YOU ARE AT:PolicyFCC 600 MHz incentive auction draws $8B in opening round ‘winning’ bids

FCC 600 MHz incentive auction draws $8B in opening round ‘winning’ bids

Bidding activity was top-heavy in the opening round of the FCC 600 MHz incentive auction, with demand outstripping supply in many markets

Despite some pessimism about the eventual outcome of the proceedings, the mobile telecommunications industry showed robust enthusiasm for the 600 MHz spectrum auction currently up for bid by the Federal Communications Commission.
The first round of forward bidding in the FCC’s 600 MHz incentive auction proceedings generated more than $8 billion in net “winning” bids, or roughly 10% of the more than $88 billion in total proceeds expected to be needed for a successful auction. Most of the initial bidding was heavily weighted toward the auction’s more populous licenses, which garnered significant interest from participants.
Following conclusion of the proceeding’s reverse auction, the FCC is offering up various blocks of spectrum across 428 partial economic areas, with each block containing 10 megahertz of spectrum.

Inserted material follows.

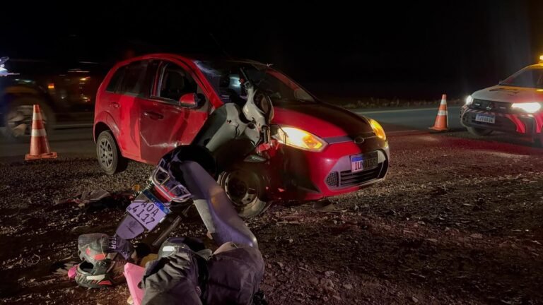 Casal fica ferido após colisão entre carro e moto na PR-483, em Francisco Beltrão

As expected, the New York City-based partial economic area license block received the greatest amount of interest, with bidders putting in claims for 33 10-megahertz blocks of licenses at the opening price of $135 million per license. However, the FCC only has 10 of those blocks available, showing much greater demand currently than supply, and thus only 10 bids are counted toward the current total of net winning bids.

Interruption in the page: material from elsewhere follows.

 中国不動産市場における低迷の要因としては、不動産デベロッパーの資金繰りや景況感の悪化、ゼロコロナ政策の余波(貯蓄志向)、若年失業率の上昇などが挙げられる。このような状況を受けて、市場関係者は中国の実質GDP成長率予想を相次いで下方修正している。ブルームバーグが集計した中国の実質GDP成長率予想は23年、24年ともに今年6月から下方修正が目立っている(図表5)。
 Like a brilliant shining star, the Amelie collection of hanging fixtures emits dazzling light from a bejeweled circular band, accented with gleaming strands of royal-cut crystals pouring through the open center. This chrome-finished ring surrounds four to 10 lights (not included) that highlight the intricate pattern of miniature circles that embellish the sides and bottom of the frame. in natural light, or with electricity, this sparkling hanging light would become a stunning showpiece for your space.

The Los Angeles-based PEA drew 20 bids for the five available license blocks at an opening round price of $100 million per block, followed by 28 bids for the 10 Chicago-based PEA blocks at $49.5 million per block. The San Francisco-based PEA saw the second-highest activity with 29 bids placed for 10 available PEA blocks at a price of $47.5 million per block.
By comparison, the opening round of the FCC’s AWS-3 auction, which finished with a record $41.3 billion in net proceeds, drew $1.8 billion in opening-round winning bids.
Similar to recent spectrum auctions, the FCC is only releasing bidding information on markets and not on which bidders have placed those bids. The current auction includes 62 qualified bidders, including the likes of Verizon Wireless, AT&T Mobility, T-Mobile US, U.S. Cellular and C Spire.
The FCC managed to clear a total of 126 megahertz of spectrum from television broadcasters as part of the reverse auction at a clearing target price in excess of $86 billion. Factoring in additional clearing and administrative charges, the bidders will need to post winning bids in excess of $88 billion in order for the current forward auction results to count. That amount came in well above expectations, leading many to note the FCC will likely need to conduct additional bidding stages in order to hit financial levels in line with bidding demand.
FCC Chairman Tom Wheeler acknowledged that the government agency may need to conduct further reverse auction stages should forward auction bidding not meet the current $86 billion clearing target. Those additional stages could result in less spectrum being transitioned from television broadcasters to mobile telecom operators, as well as the potential for the auction to stretch into next year.
The FCC previously said it will set aside 30 megahertz of the repackaged spectrum for carriers that do not already control a significant amount of sub-1 GHz spectrum holdings, which is predominately made up of AT&T and Verizon Communications.
T-Mobile US is expected to be the most aggressive bidder for the set-aside spectrum, with some predicting the carrier could spend up to $10 billion on licenses. While not eligible for the set-aside licenses, analysts predict AT&T could bid between $10 billion and $15 billion for licenses – having committed to at least $9 billion in bids as part of gaining approval of its DirecTV acquisition – while Verizon Communications is predicted to bid around $10 billion. Verizon Wireless is also expected to bid up to $10 billion on spectrum.
Sprint, which has sat out all of the FCC’s recent spectrum auctions, announced last year it would again sit out the competitive bidding process. The carrier noted a need to focus on improving its network and that it already had sufficient spectrum due to its vast portfolio in the 2.5 GHz spectrum band.
Following the six-hour opening round, the FCC is set to conduct a pair of two-hour bidding rounds each day through the end of this week.